As LABI continues working to strengthen Louisiana’s position as a global energy leader, the Senate will soon take up another major energy-related priority bill aimed at preserving certainty and stability for employers and investors alike.
HB 804 by Rep. Brett Geymann (R-Lake Charles)—dubbed the Louisiana Energy Protection Act—previously passed the House with overwhelming bipartisan support in an 83-17 vote and cleared the Senate Natural Resources Committee last week. The legislation seeks to protect Louisiana employers and industries from the growing national wave of speculative climate liability lawsuits.
The measure arrives just days after LABI and a broad coalition of business advocates successfully pushed back against several proposals at the Capitol that would have injected uncertainty and unpredictability into Louisiana’s energy sector.

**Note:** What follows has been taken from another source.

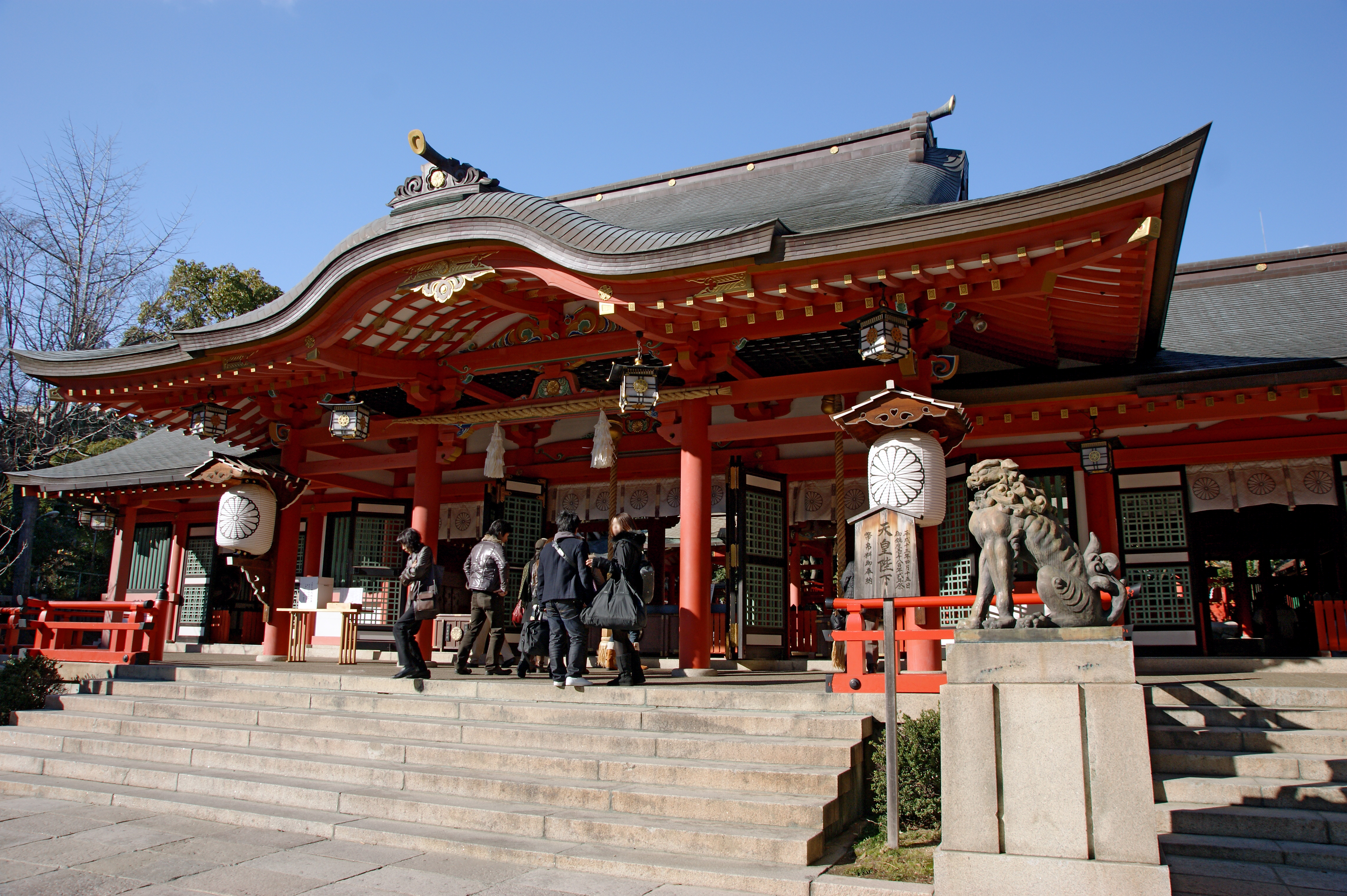 Ikuta-jinja, Kobe, Hyogo prefecture, Japan

While those debates centered primarily on carbon capture and energy development, HB 804 addresses a different but closely related threat: the growing effort to use litigation, rather than lawmakers and regulators, to shape energy policy.

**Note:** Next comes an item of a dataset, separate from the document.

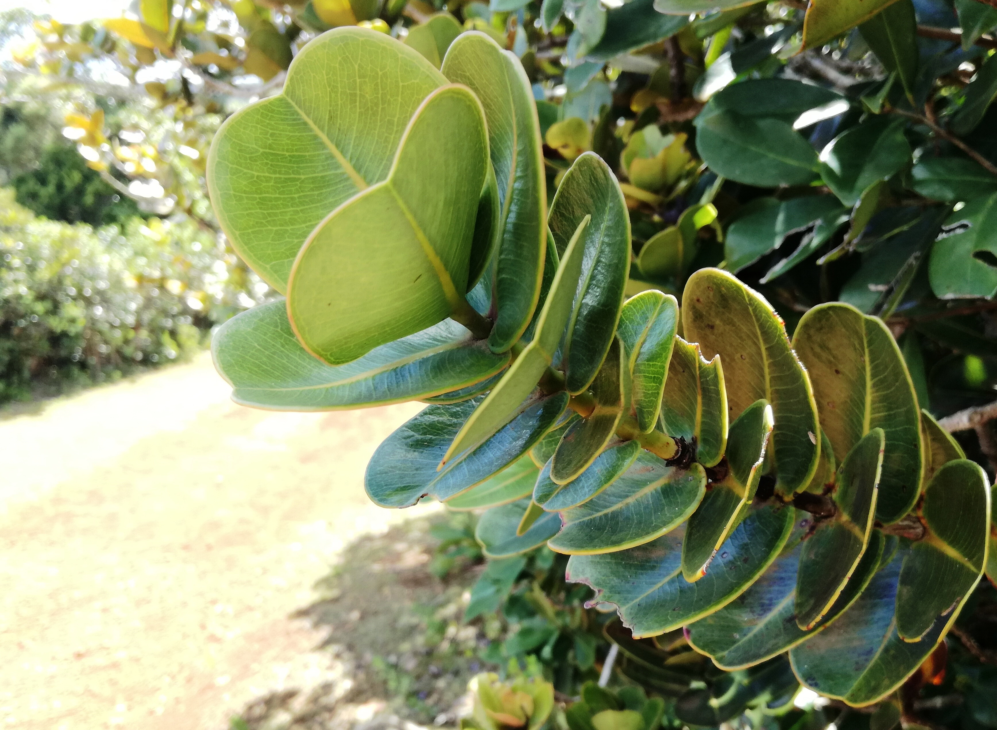 Diospyros revaughanii -Black River Gorges

Across the country, more than 30 climate-related lawsuits have been filed against energy companies, with plaintiffs seeking billions of dollars in damages tied to storms, flooding, coastal erosion and other alleged climate impacts. These lawsuits represent an unprecedented expansion of liability and create significant uncertainty not only for the energy industry, but for the broader economy that depends on affordable, reliable energy and industrial investment.
HB 804 establishes legal guardrails designed to prevent Louisiana from becoming the next battleground for this type of speculative litigation. As LABI and industry partners have emphasized throughout session, the impact of these lawsuits would extend far beyond oil and gas companies alone. Manufacturers, farmers, truckers, chemical facilities and countless Louisiana job creators could ultimately face rising costs, stalled investment and economic instability if this litigation trend gains traction here.
Should the upper chamber pass this legislation, it will have to go back to the House for concurrence.
During earlier committee testimony, LABI’s Will Green warned that allowing courts to effectively dictate energy policy through sprawling liability lawsuits could undermine Louisiana’s competitiveness and long-term economic outlook at a time when the state is actively working to attract new energy and industrial investment.
With major climate liability cases continuing to advance through courts across the country, passage of HB 804 would reinforce Louisiana’s commitment to maintaining a stable, predictable legal and regulatory environment for employers, energy producers and investors.